En 1998, Jacques Chirac s’était rendu à Berne et Zurich avant de s’aventurer sur les terres tessinoises du président suisse d’alors, Flavio Cotti. En 1983, François Mitterrand avait voulu voir Soleure, Bâle et bien sûr le Neuchâtel de son homologue, le socialiste Pierre Aubert. François Mitterrand reviendra en Suisse tous les deux ans, pour des visites privées. Une vraie passion pour la Confédération.

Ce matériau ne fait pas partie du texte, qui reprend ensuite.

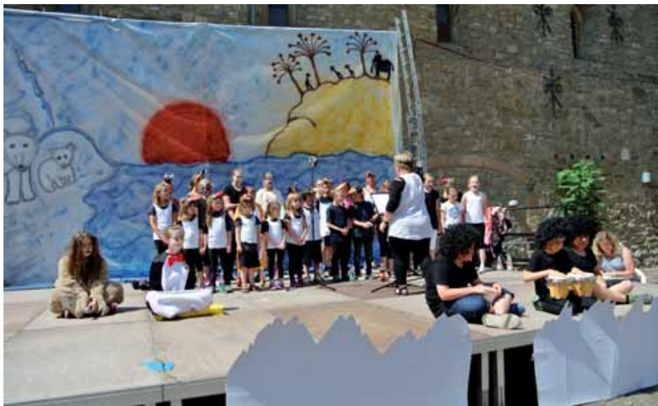
Musical Paul der Pinguin

«Il paraît bien loin, le temps où le conseiller fédéral Adolf Ogi emmenait ses hôtes étrangers en hélicoptère admirer les glaciers, note François Cherix. Le tourisme affectif entre voisins n’est plus de mise. J’y vois le signe d’une moindre sympathie pour la Suisse dans les opinions publiques européennes. Ajoutons que la situation géopolitique mondiale est très difficile. Il faut aller à l’essentiel.»
Des liens étroits
Quelque 210’000 Suisses vivent en France, soit la communauté suisse à l’étranger la plus importante. Environ 163’000 ressortissants français vivent en Suisse. Par ailleurs, plus de 220’000 frontaliers travaillent en Suisse.
Sur le plan économique, la France est le cinquième partenaire commercial de la Suisse, après l’Allemagne, les Etats-Unis, l’Italie et la Chine. La France est prisée des investisseurs suisses: avec des investissements directs de 63 milliards de francs, la Suisse se situe au troisième rang des investisseurs étrangers en France, après les Etats-Unis et juste derrière l’Allemagne.